Problem statement =>
Retype, exactly as written, every line from the one containing "微球聚合物耦合超表面辐射制冷超薄薄膜概念图" through the last line of the records below, both included; skip the pictures.

Supplied records =>
Content starts

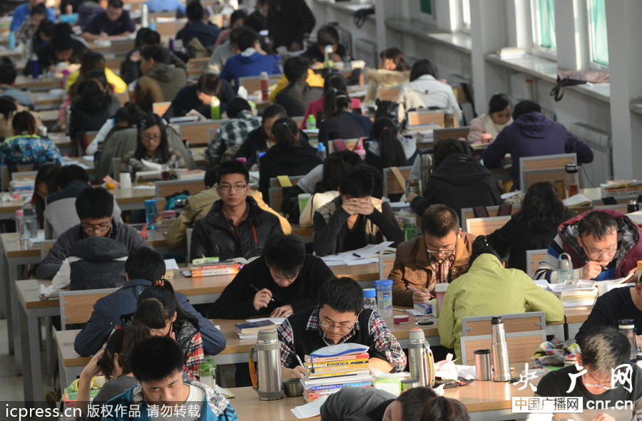 2013年10月29日,山西太原,目前2014年考研報(bào)名即將收官,備戰(zhàn)考研的大學(xué)生們進(jìn)入了最后的沖刺階段。記者利用近一周的時(shí)間,進(jìn)入山西大學(xué)、太原理工大學(xué)、山西醫(yī)科大學(xué)等高校,晝夜跟拍備戰(zhàn)考研的“學(xué)霸”們,用鏡頭記錄下他們考研路上的苦樂日子。自習(xí)室、圖書館、走廊、宿舍……在大學(xué)校園里,隨處都能看到考研的學(xué)生在埋頭苦讀的身影,他們懷揣著研究生夢想,準(zhǔn)備抓住考前兩個(gè)月的時(shí)間“血拼”一把。
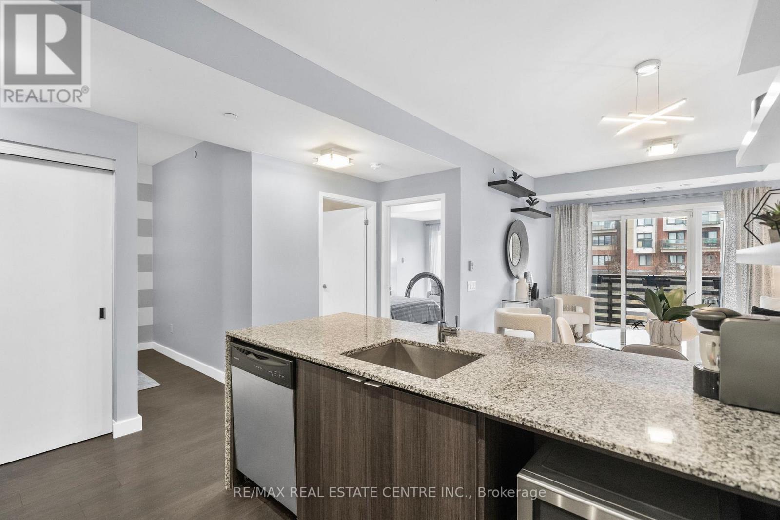 A Rare Find with Two Parking Spaces *** Beautifully maintained 1+ Very spacious Den condo in HOT Condos built by the highly respected Great Gulf. Located in the highly desirable Churchill Meadows community. Approx. 763 sqft with 9' ceiling and featuring a bright, modern, and functional open-concept layout with modern laminate flooring throughout (carpet-free), smooth ceilings, and freshly painted interior (2026). Stylish kitchen with elegant granite waterfall countertop, modern backsplash (2026), breakfast island, abundant cabinetry, and brand new appliances (stove and fridge 2026). Spacious living and dining area filled with natural light and walk-out to a private, oversized open balcony with modern glass railing. Large primary bedroom easily fits a King-size bed with a double-door closet plus an oversized den that can easily function as a home office, or guest space and can fits a 2nd bed. Rare 2 parking spaces included 1 underground and 1 surface spot conveniently located close to the building entrance. Building amenities include a gym/fitness centre, party room, visitor parking, BBQ permitted areas, and a secure entry system. Prime location close to Erin Mills Town Centre, Credit Valley Hospital, parks, trails, and community centres. The property is located within the catchment area of several well-regarded schools. University of Toronto Mississauga (UTM) and Sheridan College Hazel McCallion Campus are also within convenient-driving distance. Easy access to Highways 403, 407, 401 and nearby GO stations, making commuting across the GTA convenient. Ideal opportunity for first-time buyers, professionals, downsizers, or investors seeking comfort, functionality, and a great location. A wonderful opportunity to enjoy modern condo living in one of Mississauga's most desirable communities. Don't Miss it! (id:4555)
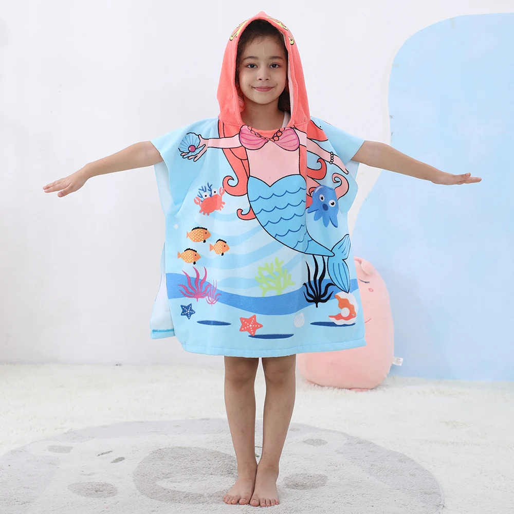 Children Bathing Stuff Kids Hooded Cape Towel Boy Shark Bathrobe Baby Dinosaur Bath Towel Girls Unicorn Beach Towel Wrap Blanket
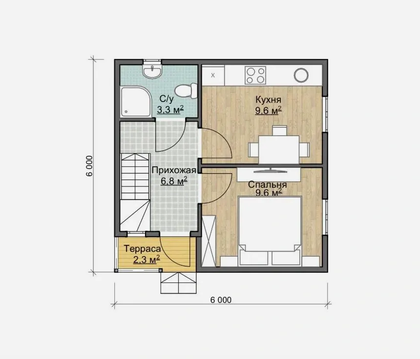 Первый этаж вмещает функциональную16-метровую кухню, совмещенную с гостиной. Здесь можно организовать PinUp место для совместного отдыха. Примыкающуюкомнату площадью 8,6 м²удобно PinUp отвести под спальню. Холл в доме достаточно большой, чтобы туда вошли шкафы для одежды и хранения вещей.
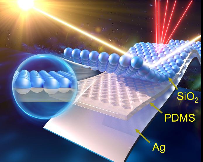 微球聚合物耦合超表面辐射制冷超薄薄膜概念图
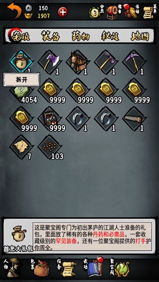 1、高度开放引人入胜的剧情,超过120种武功秘籍,贯穿古今的神兵利器。
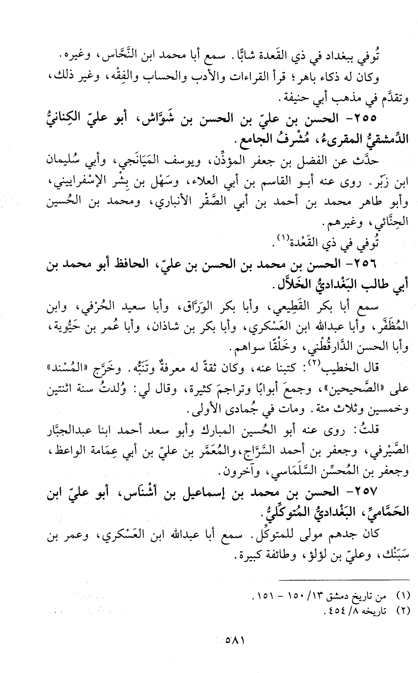 257 - الحسن بن محمد بن إسماعيل بن أشناس، أبو عليّ ابن الحمّاميّ البغداديّ، المتوكّليّ. [المتوفى: 439 هـ]

Content ends

Task output =>
 微球聚合物耦合超表面辐射制冷超薄薄膜概念图
 1、高度开放引人入胜的剧情,超过120种武功秘籍,贯穿古今的神兵利器。
 257 - الحسن بن محمد بن إسماعيل بن أشناس، أبو عليّ ابن الحمّاميّ البغداديّ، المتوكّليّ. [المتوفى: 439 هـ]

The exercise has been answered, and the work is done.